The Bled Strategic Forum, the pre-eminent foreign policy event in Slovenia, ended on Tuesday after two days of reflections that focused on the technology-driven societal and economic change summed up by the forum’s title New Reality.

Calls for common solutions to challenges posed by the changing world dominated the agenda of the first day, with senior Slovenian officials opening the forum by singling out challenges such as climate change and existing and emerging security threats.

Foreign Minister Karl Erjavec stressed that “we are facing new international actors” and “still struggle to address climate change and its negative global impact”. Prime Minister Miro Cerar noted that new challenges, which had “become the key driver of progress in society”, demanded new approaches.

The leader’s panel, the central event of the first day of proceedings, took a broad look at the technology-driven change shaping present-day society.

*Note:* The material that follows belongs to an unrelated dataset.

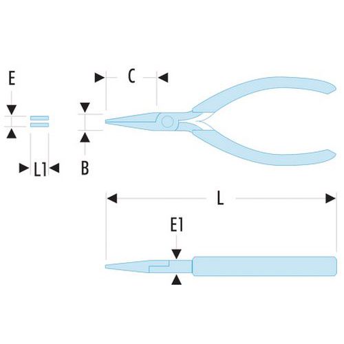 - 442: Pontas estriadas curtas, com corta-fio lateral (diâmetro 2 mm/cobre): 1 mm/aço: 100 Kg/mm²).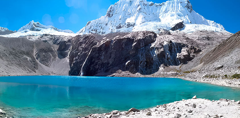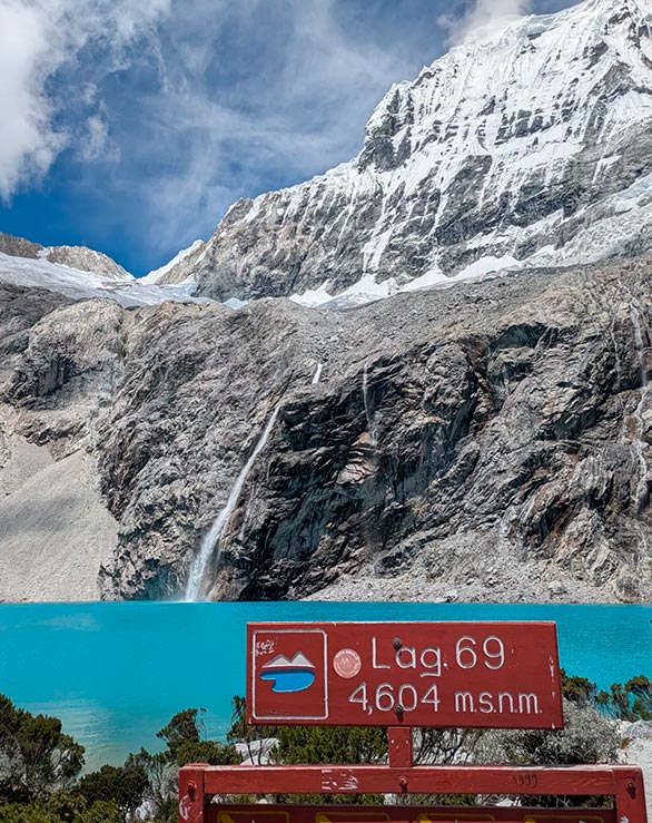 Conoce una de las lagunas turquesas más hermosas de la cordillera blanca de formación natural en la base del glaciar Chacraraju (6100 msnm) y Pisco (5757 msnm), en la quebrada de llanganuco. El recorrido es moderado - difícil debido a su altitud 4650 msnm con un recorrido de 3 horas de caminata hacía la laguna 69, en el camino podrás observar montañas como Huascarán, Yanapaccha y Chopicalqui.

While the participants found some cause for concern, they also exuded optimism.

The debate, featuring EU Commission Vice-President Frans Timmermans, OECD Secretary General Angel Gurria, former Slovenian President Danilo Türk and Serbian Prime Minister Ana Brnabić, dedicated a lot of time to debating youths, specifically how they can be activated and engaged in policy-making, and how to create jobs.

Several policy proposals were put forward, but the overarching suggestion was that youths should get active and participate in the democratic process to achieve change; being active on social media is not enough.

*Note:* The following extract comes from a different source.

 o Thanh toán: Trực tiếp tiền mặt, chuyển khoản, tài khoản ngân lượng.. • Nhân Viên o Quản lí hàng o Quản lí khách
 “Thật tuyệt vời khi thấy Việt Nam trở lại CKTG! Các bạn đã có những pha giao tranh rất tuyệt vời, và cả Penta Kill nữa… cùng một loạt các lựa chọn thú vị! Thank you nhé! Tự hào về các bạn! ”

With the forum coming just a day after North Korea conducted its latest nuclear test, some of the debates also touched on the escalation of tensions on the Korean Peninsula.

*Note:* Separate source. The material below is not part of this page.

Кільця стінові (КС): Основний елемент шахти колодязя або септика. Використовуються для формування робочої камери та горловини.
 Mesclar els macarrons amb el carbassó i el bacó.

Federica Mogherini, the EU’s High Representative for Foreign Affairs and Security Policy, said a cooperative rather than confrontational approach to existing challenges, including in North Korea and the Western Balkans, was needed.

Miroslav Lajčak, the president-elect for the 72nd session of the UN General Assembly, touched on North Korea indirectly by saying that such issues needed to be addressed by the UN General Assembly as the most representative UN body.

The second day featured over a dozen panels dedicated to issues such as the EU’s future, the progress of the Western Balkans towards the EU, global nuclear governance, human rights in time of change and Twitter diplomacy.

The panel on the EU in the changed world argued that the EU is facing numerous challenges, including a crisis of trust and identity. The key to its future lies in convergence, integration, cooperation and attention to people’s needs.

The debate on global nuclear governance saw South Korean Foreign Ministry official Enna Park saying that condemning the nuclear tests conducted by North Korea was not enough. She called for concrete action by the international community.

At the panel on Western Balkans, a mainstay of the forum, foreign ministers from the region were in broad agreement that the EU accession process has a transformative effect on the countries. But they also warned that the accession was taking too long and ought to be more predictable.

UN High Commissioner for Human Rights Zeid Raad Al Hussein presented his office’s activity and human rights developments in the world at a special panel. He highlighted an erosion of commitments built on the experience of enormous human suffering in the first half of the 20th century and was very critical of the US president.

In line with this year’s motto, the business segment of the BSF focused on various aspects of innovation and how it affects and changes society. It touched on connectivity and leading the change, as well as the relation between government and business in the globalised and digitalised world.

A special panel was dedicated to tourism, in particular the collaborative economy.

The debate revolved around whether and how to regulate the new providers without suffocating the growth, how cities should deal with growing number of tourists, and what the new providers, especially big platforms such as AirBnB, should do to allow policy makers to enforce efficient and just regulation.

Youth BSF, the segment featuring young leaders, featured debates under the banned (Dis)connected Reality, which were condensed in a nine-point manifesto dealing with electronics, the environment and the economy.

While the BSF followed the established formula, there was one novelty this year as Slovak Foreign Minister Miroslav Lajčak received a special accolade in being named a BSF distinguished partner for his enduring support of the purposes and principles of the forum.